Blog

We hacked Y Combinator's AI agents and what you can learn from it

Written by Rene Brandel on Tue May 27 2025

In mid-April 2025, I hacked 7 of the 16 publicly-accessible AI agents from the Y Combinator spring 2025 batch. This allowed me to leak user data, execute code remotely, and take over databases. Each vulnerability took me less than 30 minutes to exploit.

Meme showing how the system prompt leaking leads to company being compromised

TL;DR:

  1. Tool definitions and parameters were not protected by transitive authentication
  2. Poorly protected code execution tools allowed me to execute arbitrary code remotely
  3. Tools that call external endpoints enabled me to set up a malicious database configuration

This type of incident isn't isolated to YC companies. 73% of enterprises experienced at least one AI-related security incident in the past 12 months. A cyber incident costs on average $4,000,000 and your AI agent could be the root cause. In this post, I'll go into the most common attack vectors and how hackers "think" when attacking your AI agent.

Case #1: From leaked system prompt to leaked customer data

“We don't care if our system prompts leak” is a dangerous AI security misconception. Your system prompt reveals more about your business processes and capabilities than your own employees, making it a highly valuable target for sophisticated attacks.

I first tricked this company's agent into revealing its system prompt by creating an ethical dilemma for the AI agent. There are many well-documented, repeatable approaches to leak the system prompts. With this approach, I was able to also extract the agent's tool definitions and parameters. Despite these tools being run server-side, I noticed they aren't scoped with transitive authentication.

Leaked Tool Definitions and Parameters

It is a major red flag if your tool's authorization is reliant on the LLM complying with their system prompt instructions rather than programmatically enforced.

Result of the first case

“Get Messages” would support users to pass through any “user id”. Conveniently the “user id” is available directly within the URL bar. So I took the product's demo video recording, extracted out the “user id” from the URL bar and was able to identify the individual's PII, such as emails, names, documents, and messages. Don't give an agent more permission than your user.

Tool definition security checklist

  • Don't expose tool parameters that determine access scopes
  • Use transitive authentication for tools where applicable. (MCP now supports authorization)
  • Alternatively, use Airweave or Capacitive that handles this for you

Case #2: Exploiting agents' coding tools for infrastructure takeover

I compromised this YC company's 8B instruct model and revealed its system prompt, exposing internal protocols and security guardrails. A common mistake is to write what not to do in the system prompts. This gives an attacker an easy target. After I hijack the agent, I instructed the agent to do exactly the opposite of the system prompt to test the broader system's limits.

Negative examples in the system prompt

In this case, these "negative examples" allowed me to first identify that the agent uses a coding tool to perform the tasks on behalf of the user and then allowed me to probe constraints on the specific coding tool.

If I look at this line in the system prompt. It makes an attacker think

Are there vulnerabilities for unbounded compute resources? Why does it say 'At most once per turn'?

With this knowledge, I started exploiting the agent's code execution capabilities.
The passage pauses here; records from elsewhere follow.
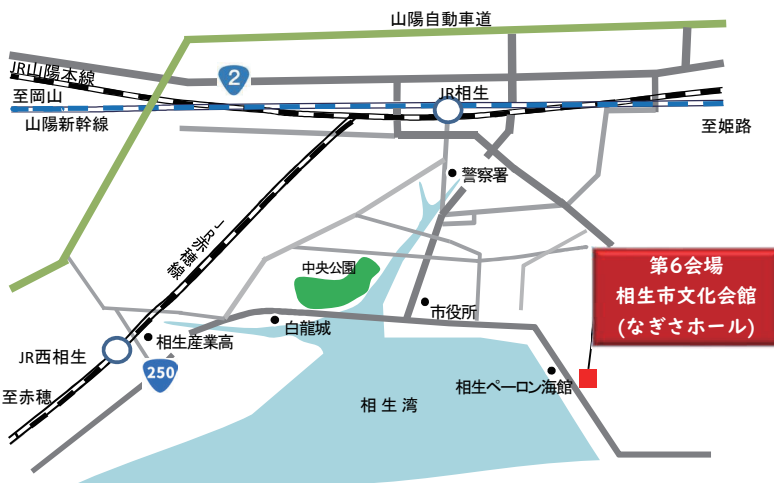
第6会場（なぎさホール） 当日はJR相生駅南からシャトルバス運行 神姫バス…相生駅発 相生港行き「相生港(なぎさホール前)」下車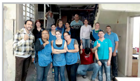
Convocação na SEIJI (zona leste) com diretor Ninja e equipe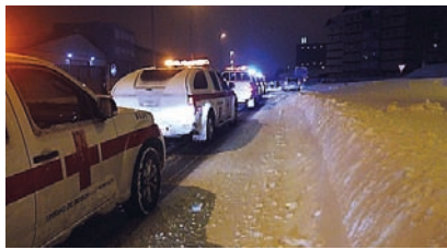
■ Convoy de vehículos formado para trasladar a los afectados por la nevada.

Otra de las actuaciones realizadas, en este caso relacionada con las crecidas de los cauces fluviales, obligó en enero a intervenir de manera coordinada con el Gobierno de Cantabria. Se desarrolló un operativo de emergencia en varios ríos, rescatando a dos personas de sendos coches; en Viño de Piélagos se colaboró en el rescate de animales atrapados y finalizó con éxito la búsqueda

I identified quickly that the app entry point is located in a "app.py" file. The “app.py” server entry point included security controls to prevent certain operations. However, because the agent had the ability to write files, I asked the agent to rewrite the app.py file without the security controls. Once I've taken over the server entry point, I was able to execute arbitrary code with admin rights.
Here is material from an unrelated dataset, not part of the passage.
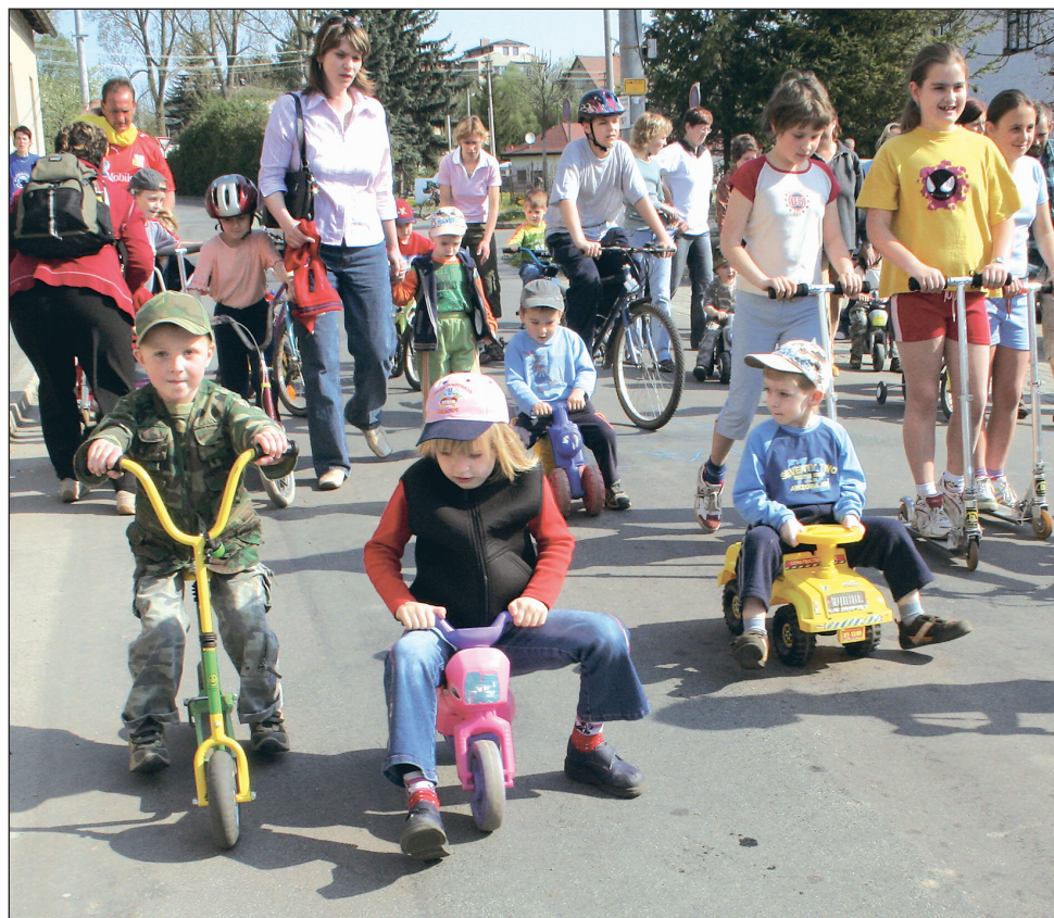
Závod. Děti v Olešnici si v sobotu v rámci Dne bezpečnosti zázavodily na koloběžkách, kolech a odrážedlech.

Malicious remote code execution

Agent code sandbox security checklist

  • Use Blaxel's sandboxed VMs for your agent's code execution
  • Self-host well-documented open-source code sandbox solutions, such as E2B

Case #3: PostgreSQL database takeover via remote endpoint tool call

Following a similar approach as before, I've uncovered that this company's agent had a tool to create databases and needed a “template URL”. As an attacker, I can prompt the agent to create a new database and point the “git_repo” parameter to my own malicious repository.

Remote endpoint tool call

The system prompt also revealed to me that the file is called “pg-db-template”, which means that it's Postgres. A bad actor can now modify the database schema to include a PostgreSQL trigger that automatically rewrites new user data onto another table only visible to the bad actor and thus siphoning end user information. I notified the founders immediately and am happy to report this concern was already addressed.

Just like traditional client-server applications, as an AI engineer, you must understand where your network boundaries are. Any information that crosses the network boundary must be sanitized.

Securing AI agents and apps

If you're not sure about your AI system's security posture, book a demo with us. We'll help you secure your AI agents and apps.

A note on responsible disclosure

All affected founders have been informed of these vulnerabilities. These vulnerabilities have been addressed. In the interest of responsible disclosure, I have anonymized the company names.